L'objet de ce chapitre porte sur la place des politiques
publiques dans le champ du logement alternatif et de ses habitants, ici les
travellers issus du mouvement des fêtes techno
clandestines. Je m'intéresse d'une part, au regard politique et
social de la société globale sur les activités festives
des travellers, d'autre part, je rends compte des contraintes
juridiques et politiques qui viennent freiner la mise en habitation ambulante
de cette population.
a) Les free-parties ou l'affiliation à une
marginalité temporaire singulière.
L'organisation de fête techno illégale
conduit à réfléchir sur la place des activités
festives dans la société globale, réalisées en
dehors des réseaux institutionnels. Orchestrées en
parallèle des circuits standardisés de la société
du spectacle, ces expériences festives prennent ainsi note d' «une
ambiance spécifique: celle du refus » (Dupouy, 2005: 10).

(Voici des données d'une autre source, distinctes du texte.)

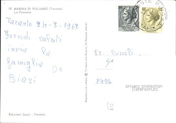 old postcard Marina di Pulsano Fontana postalisch gelaufen Erhaltung siehe scans

Si le concept free vise la liberté d'action et
de comportement lors des fêtes, il évoque également la
gratuité de ces rassemblements. Les sound-systems se chargent
de la logistique, gratuitement, ou occasionnellement en mettant à
contribution les participants au moyen d'une donation. L'autogestion et
l'initiative individuelle sont les modes d'organisation prônés et
vécus, chacun participant à l'événement selon ses
capacités et son bon vouloir. D'autre part, la qualité des
relations interindividuelles vécues par les participants lors des
fêtes va à l'encontre des normes habituelles de l'interaction
sociale, ressenties comme trop rigides et aliénantes. La politesse n'est
pas de mise, le niveau de langage et le champ lexical utilisés sont
argotiques et souvent bruts, pauvres et réduits à l'essentiel.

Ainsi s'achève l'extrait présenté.